Brokers often field questions about conventional loan requirements – as this remains a highly relevant issue for mortgage originators and their clients. 

However, the key isn’t simply knowing the list of requirements. It’s understanding which ones offer flexibility and which factors are more likely to create real friction. In this article, we explore conventional mortgage requirements through that practical lens. 

What are the Requirements for a Conventional Loan?

While the requirements for conventional loans are not universal and vary by mortgage lender and program, there are common criteria that can be used as a basic reference:  

  1. Credit Score – The minimum required score is typically 620. However, a higher credit score results in better terms. Improved pricing usually starts at around 740. Apart from the score itself, lenders review the borrower’s full credit history, as negative events and outstanding debts can trigger manual underwriting or overlays.  
  2. Down Payment – First-time homebuyers can qualify for a down payment as low as 3%. The standard down payment requirement for conventional loans is between 5% and 20%. Additionally, a down payment above 20% removes the need for private mortgage insurance (PMI) and contributes to better pricing. 
  3. Debt-to-Income (DTI) – The maximum DTI is often 43%-45%, but the threshold might stretch to 50% with strong compensating factors. Lower DTIs receive better pricing, and higher DTIs increase sensitivity to other risk factors.  
  4. Income and Documentation – Two years of income and employment history are typically required to demonstrate stable and sufficient cash flow. Accepted income documentation includes pay stubs, W-2s, tax returns, bank statements, and other financial documents. 
  5. Assets and Reserves – Generally, three months of reserves are needed. Assets and large deposits serve as compensating factors but might require explanations and additional documentation. 
  6. Property and Occupancy – Conventional loans provide significant flexibility in terms of eligible property types. Primary residences, second homes, and investment properties can be purchased if they meet minimum property condition standards and appraisal requirements. 
  7. Conforming Loan Size Rules – To maintain favorable pricing, loans should stay within FHFA loan limits. When exceeding those limits, the loan becomes a jumbo loan and may come with stricter underwriting guidelines. 
  8. Private Mortgage Insurance (PMI) – If the down payment is less than 20%, the borrower must pay PMI, the cost of which depends on the borrower’s overall profile. Once the borrower reaches 20% equity, PMI can be canceled. 

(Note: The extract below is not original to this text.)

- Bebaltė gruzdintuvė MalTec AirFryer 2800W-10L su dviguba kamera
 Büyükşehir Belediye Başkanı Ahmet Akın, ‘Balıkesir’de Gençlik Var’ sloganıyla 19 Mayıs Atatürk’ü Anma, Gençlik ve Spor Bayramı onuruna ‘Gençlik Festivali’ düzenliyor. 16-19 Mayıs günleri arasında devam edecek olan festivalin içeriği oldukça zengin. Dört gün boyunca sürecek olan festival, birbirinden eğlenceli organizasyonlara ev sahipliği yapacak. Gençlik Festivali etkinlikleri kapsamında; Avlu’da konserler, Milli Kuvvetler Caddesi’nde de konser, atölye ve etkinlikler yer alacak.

Conventional Loan Requirements table

Minimum Credit Score for a Conventional Loan

For conforming conventional loans, lenders typically set 620 as a baseline threshold. However, the minimum qualifying score doesn’t guarantee approval or favorable loan conditions. 

To achieve improved pricing and terms, borrowers are expected to have a conventional loan credit score of around 700-720 or above. Generally, a higher score results in better pricing, but it is not the only factor that leads to approval. 

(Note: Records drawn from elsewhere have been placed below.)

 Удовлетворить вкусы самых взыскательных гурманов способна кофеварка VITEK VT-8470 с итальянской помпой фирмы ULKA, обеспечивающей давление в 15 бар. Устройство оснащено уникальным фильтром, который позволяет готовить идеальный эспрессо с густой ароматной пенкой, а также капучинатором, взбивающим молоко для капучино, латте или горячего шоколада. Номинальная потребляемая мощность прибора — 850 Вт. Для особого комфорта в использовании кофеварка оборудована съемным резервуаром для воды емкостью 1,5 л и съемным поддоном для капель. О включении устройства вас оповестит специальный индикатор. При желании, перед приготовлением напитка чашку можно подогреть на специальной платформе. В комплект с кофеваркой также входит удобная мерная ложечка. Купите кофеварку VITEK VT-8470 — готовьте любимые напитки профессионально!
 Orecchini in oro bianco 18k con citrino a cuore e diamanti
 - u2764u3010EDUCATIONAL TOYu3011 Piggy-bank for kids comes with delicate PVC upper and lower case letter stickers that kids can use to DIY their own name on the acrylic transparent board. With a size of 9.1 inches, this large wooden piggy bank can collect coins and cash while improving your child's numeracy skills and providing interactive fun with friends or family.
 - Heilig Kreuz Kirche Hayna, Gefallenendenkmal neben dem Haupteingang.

Let’s take a look at two borderline cases and ways brokers can handle them. 

1. Borrower has a credit score of 620and a strong overall profile

While the score is relatively low, the file can be approved if other factors are clean. For example: 

  • Stronger reserves show the borrower’s financial stability 
  • DTI below 40% indicates a lower level of risk 
  • Stable employment and standard income documentation make the file simple and conservative 

In this case, a mortgage originator can match their client with the Conventional Standard program by AD Mortgage, which offers competitive rates and flexible down payments starting at 3%. 

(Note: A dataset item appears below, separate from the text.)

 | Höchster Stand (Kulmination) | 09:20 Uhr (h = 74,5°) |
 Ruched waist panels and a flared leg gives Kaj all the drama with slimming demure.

2. Borrower has a credit score of 620 and a weak overall profile

High DTI, lack of reserves, high LTV, or recent negative credit events indicate weak repayment capacity. Combined with a low credit score, these risk factors can trigger automated underwriting system (AUS) findings that require manual underwriting or lead to denial. 

Overall, such borrower profiles have a lower probability of approval under conventional guidelines. Instead of trying to match them with a conventional loan, brokers can advise their clients to improve their profiles and reduce risk layering.

Average Mortgage Rates by Credit Score table 2026

Down Payment Requirements for a Conventional Loan

First-time homebuyers can qualify for a minimum conventional loan down payment of 3% if they meet credit score, occupancy, and other eligibility requirements. For repeat homebuyers, the down payment often starts at 5%, and most conventional loans fall within the 5%-20% range. 

A higher down payment can help achieve better pricing and may serve as a compensating factor for a lower credit score. Additionally, when making a down payment of 20% or more, the borrower is not required to pay private mortgage insurance (PMI). 

Debt-to-Income Ratio Requirements

Although the conventional loan Debt-to-Income (DTI) ratio is a sensitive variable, it is not sufficient on its own and should be evaluated in the context of the borrower’s overall profile. 

Typical DTI limits for conventional loans are 43%-45%, but some lenders accept DTIs up to 50% with strong compensating factors. Generally, lower DTIs help offset risks associated with other variables and lead to easier approvals. Higher DTIs, on the other hand, might indicate risk layering and may require more careful underwriting. 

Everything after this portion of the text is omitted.